Nvidia roadmap disclosures confirm Moore Law has ended; future performance gains come from architectural improvements, not density scaling.
Nvidia faces multiple interconnected challenges in accelerating AI compute growth, as Jensen Huang revealed at GTC this month while announcing not only next-generation Blackwell Ultra processors but also detailed roadmaps for upcoming platforms, including a 600kW rack scale system packing 576 GPUs and a new GPU family arriving in 2028 named after Richard Feynman. The fundamental constraint is that advancements in process technology have slowed to a crawl in recent years, leaving Nvidia with increasingly difficult knobs to turn. To compensate, Nvidia's strategy is to scale up the amount of silicon in each compute node as far as possible, expanding from today's densest systems that mesh 72 GPUs into a single compute domain using its high-speed 1.8TB/s NVLink fabric, to 144 and eventually 576 GPUs per rack.

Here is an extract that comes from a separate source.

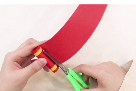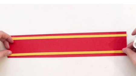 首先準(zhǔn)備一張紅色的長彩紙,在彩紙的兩面貼上黃色的長條。

The power requirements of this scaling strategy are staggering. Blackwell accelerators required 500 watts more power than Hopper while needing twice the die count, despite offering only about 1.25x performance when normalized to FP16 — 1,250 dense teraFLOPS versus 989 for the GH100. By 2027, Nvidia expects racks to surge to 600kW with the debut of the Rubin Ultra NVL576, which will jump from two reticle-limited dies to four while maintaining roughly 20 percent efficiency improvements from TSMC 2nm process technology. Even with these gains, as Huang stated during his press Q&A, "the practical limit for a rack is however much power you can feed it," with current datacenter capacity at "250 megawatts" and potential future limits reaching "a gigawatt per rack."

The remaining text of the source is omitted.